# Optimization Algorithms in Deep Learning

In this notebook, we’ll compare some popular **optimization algorithms** used to train neural networks:
- **Stochastic Gradient Descent (SGD)**
- **SGD with Momentum**
- **RMSprop**
- **Adam**

These optimizers help the model converge faster and avoid local minima.

In [None]:
# Import libraries
import tensorflow as tf
from tensorflow.keras.models import Sequential
from tensorflow.keras.layers import Dense, Flatten
from tensorflow.keras.datasets import mnist
import matplotlib.pyplot as plt

print("TensorFlow version:", tf.__version__)

## Load and preprocess dataset

In [None]:
(x_train, y_train), (x_test, y_test) = mnist.load_data()
x_train, x_test = x_train / 255.0, x_test / 255.0

print("Training data:", x_train.shape)
print("Test data:", x_test.shape)

## Define a function to build the model

In [None]:
def create_model(optimizer):
    model = Sequential([
        Flatten(input_shape=(28,28)),
        Dense(128, activation='relu'),
        Dense(10, activation='softmax')
    ])
    model.compile(optimizer=optimizer,
                  loss='sparse_categorical_crossentropy',
                  metrics=['accuracy'])
    return model

## Train models with different optimizers

In [None]:
optimizers = {
    "SGD": tf.keras.optimizers.SGD(learning_rate=0.01),
    "SGD+Momentum": tf.keras.optimizers.SGD(learning_rate=0.01, momentum=0.9),
    "RMSprop": tf.keras.optimizers.RMSprop(learning_rate=0.001),
    "Adam": tf.keras.optimizers.Adam(learning_rate=0.001)
}

histories = {}
for name, opt in optimizers.items():
    print(f"\nTraining with {name}...")
    model = create_model(opt)
    history = model.fit(x_train, y_train, epochs=5, batch_size=32,
                        validation_data=(x_test, y_test), verbose=0)
    histories[name] = history

## Plot accuracy comparison

In [None]:
plt.figure(figsize=(8,5))
for name, history in histories.items():
    plt.plot(history.history['val_accuracy'], label=name)

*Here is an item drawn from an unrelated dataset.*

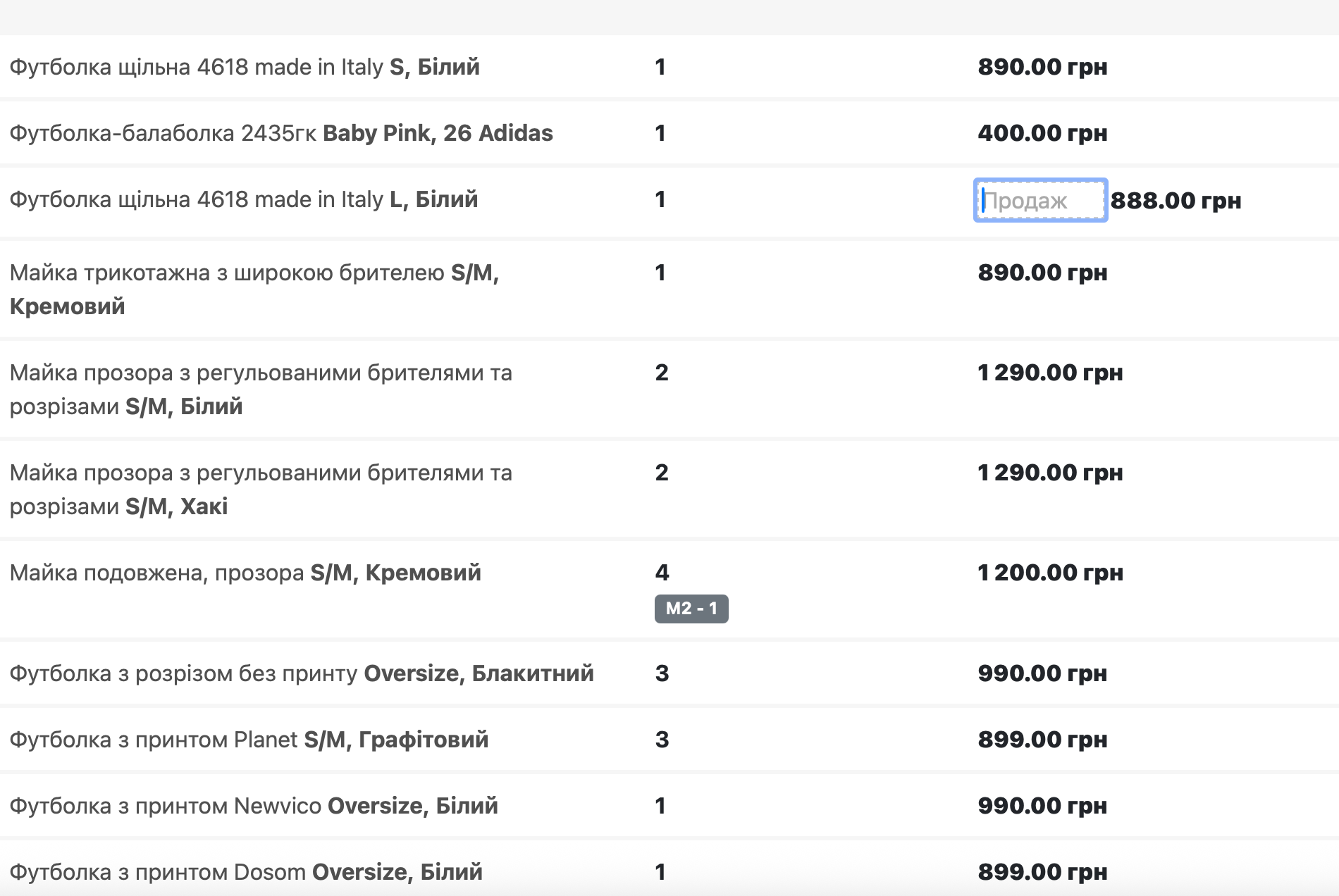 Натискаєте заголовок колонки "Ціна", і система сама покаже, що знає про кожну позицію. Автоматично призначені ціни підсвічуються, а якщо ви зміните ціну вручну - система це теж відобразить. Усе під контролем і без зайвих рухів.

plt.title('Validation Accuracy with Different Optimizers')
plt.xlabel('Epochs')
plt.ylabel('Accuracy')
plt.legend()
plt.show()

## Key Takeaways
- **SGD**: Simple but slower convergence.
- **SGD+Momentum**: Helps escape local minima, faster learning.
- **RMSprop**: Adaptive learning rate, good for RNNs.
- **Adam**: Combines RMSprop + Momentum, widely used default optimizer.